PASSENGER:  After queueing for several hours I finally made it inside the terminal and eventually found a place to lie down alongside several other passengers in close quarters where we were furnished with yoga mats. I must have dozed off for a bit, but woke up suddenly with a lot of pain in my arm. One of the passengers was trying to step over me, but ended up stepping on my arm and breaking my watch.

BA AGENT: That’s unfortunate, but all of the passengers are suffering some kind of inconvenience because of the delays.

PASSENGER:  I expect the airline to reimburse me.

BA AGENT:  You will have to file your claim for compensation online.

PASSENGER:  How can I do that when your IT system is dead?

BA AGENT:  I really don’t know, Sir. It’s not my department. You might phone customer service for information. They may be able to help.

PASSENGER: When pigs fly.

BA AGENT:  Excuse me?

PASSENGER: As I said, we were furnished with yoga mats but after a while I started getting a stiff neck. When I asked one of your staff about pillows, he said it would cost £7.

BA AGENT:  That’s not right, Sir.

PASSENGER: Probably wanted to take advantage of the situation and make a little money on the side.

BA AGENT:  Not at all, Sir. Our new CEO raised the price to £12 for pillows.

PASSENGER: You got to be kidding.

BA AGENT: No, Sir. We at BA take our pricing very seriously.

PASSENGER: Pretty soon you will probably cut out all amenities on board.

BA AGENT:  There are no plans for that. Instead, we will charge for everything, no matter how small. Everything is being phased in, as you can see from the notice behind me.

(The PASSENGER looks up and reads the notice out loud)

PASSENGER: Peanuts, 5 p each; paper napkin, 10 p; recycled water, £1.50; plastic cup to hold the water, 75p; key to unlock and lower tray table, £1; toilet paper, £3; use of toilet (3 minute limit), £5.

BA AGENT:  You will need to have exact change as no change will be given on board.

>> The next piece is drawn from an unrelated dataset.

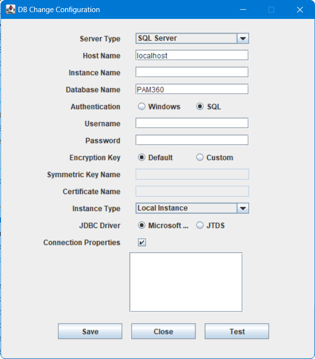 - インスタンス名:PAM360で使用するSQLサーバーの名前付きインスタンスを指定します。インスタンス名が指定されていない場合、PAM360はポート 1433でデフォルトのインスタンスとの接続を確立しようとします。

PASSENGER:  You will probably start charging for a cushion on the seats inside the plane next.

BA AGENT:  What an excellent idea. If I submit that as an employee suggestion I may get an award.

PASSENGER:  What about the air outside the terminal while queueing for a delayed flight?

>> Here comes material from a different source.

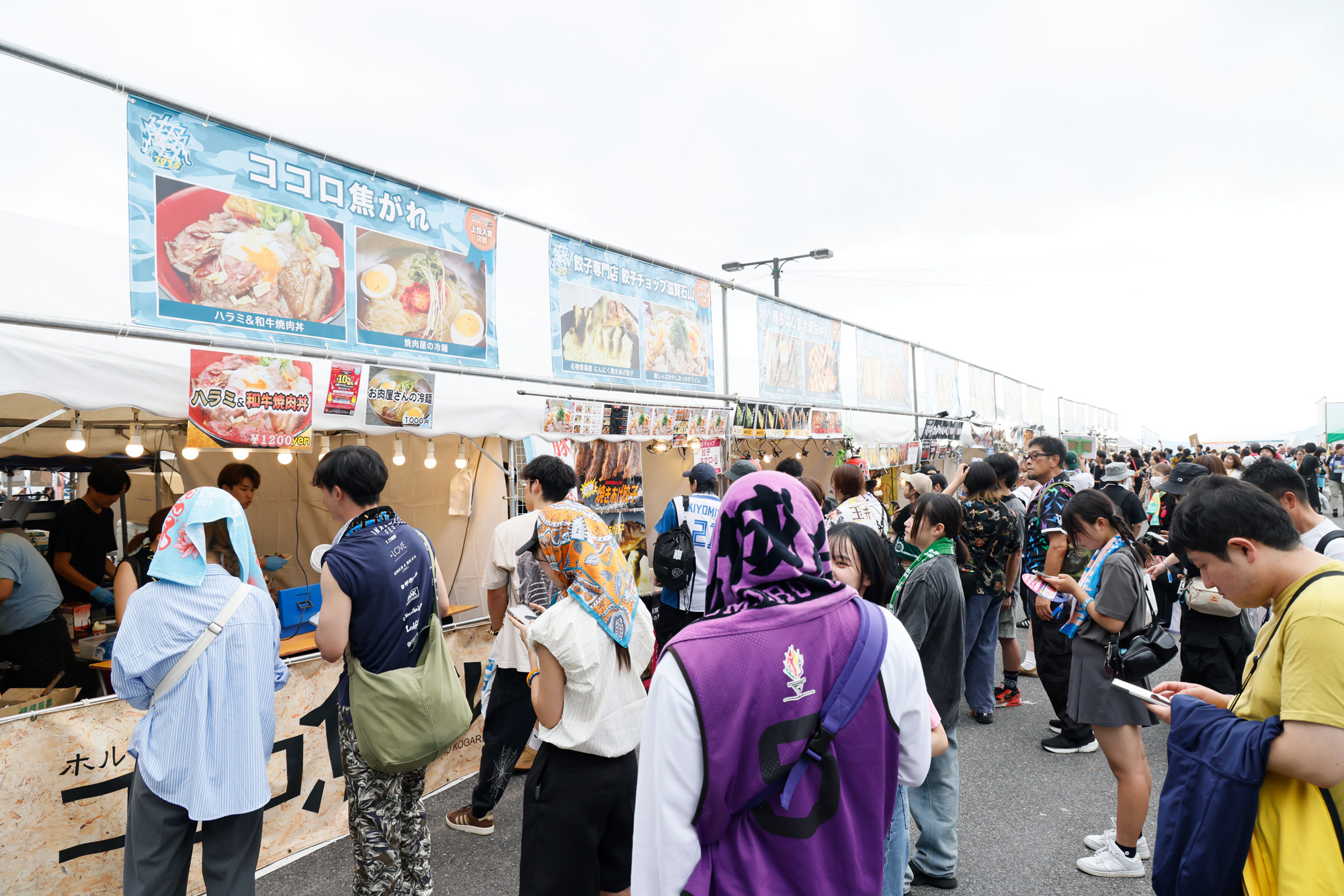 無料エリアはライブだけでなく、フードエリアの充実ぶりも目を見張るものがある。観客からは「『イナズマ』はフェス飯の概念がぶっ飛ぶほど美味しいグルメがそろっている」「滋賀の美味しいものが一度に味わえる!」と興奮気味の声も。近江牛、しじみ、サラダパンなど滋賀の名産に加え、毎年開催される『イナズマフードGP』では、全国から選りすぐりの飲食店が出店し、その味を競う。グランプリ店や歴代の人気店が軒並み出店し、焼き小籠包、ハンバーガー、牛タン、博多もつ焼きそばなどが並ぶ。

(The BA AGENT looks at the line behind the PASSENGER)

BA AGENT:  Is there anything else I can help you with?

PASSENGER:  Yes, I need a new boarding pass since my flight was changed.

BA AGENT:  I’m sorry but the printer is not working.

PASSENGER:  Maybe you can just write one out by hand.

BA AGENT: Even if I could do that, I don’t have any paper.

PASSENGER:  Use this. Be careful; it’s the only one I have.

(The PASSENGER places a paper napkin of the counter. The BA AGENT looks at the napkin; then at her watch)

BA AGENT:  Oh, look what time it is. My shift is over. Good luck and thank you for choosing BA.

(The BA AGENT walks off and is soon replaced with a new agent)

PASSENGER:  I would like …

NEW AGENT:  Sorry, but my shift doesn’t start for five more minutes.

(The NEW AGENT takes a bottle of nail polish from her purse and places it on the counter)

NEW AGENT (continuing):  I know you have been waiting for quite some time, so a few more minutes should not matter.

ANNOUNCEMENT (over loudspeaker):  We at British Airways are truly sorry for the delays that you have experienced and are doing everything possible to remedy the situation and get you to your destinations. You will hear a personal message from our CEO just as soon as he has finished his afternoon tea.

PASSENGER: Cobblers.

NEW AGENT: What did you say?

(The NEW AGENT starts polishing her nails, spills a few drops of polish on the counter and picks up the napkin to wipe it up)

PASSENGER:  I mean to say bollocks.

(The PASSENGER slams his right fist of the counter and the bottle of nail polish spills all over)

NEW AGENT:  Well, really. There is no need to get upset over a delay; it happens all the time.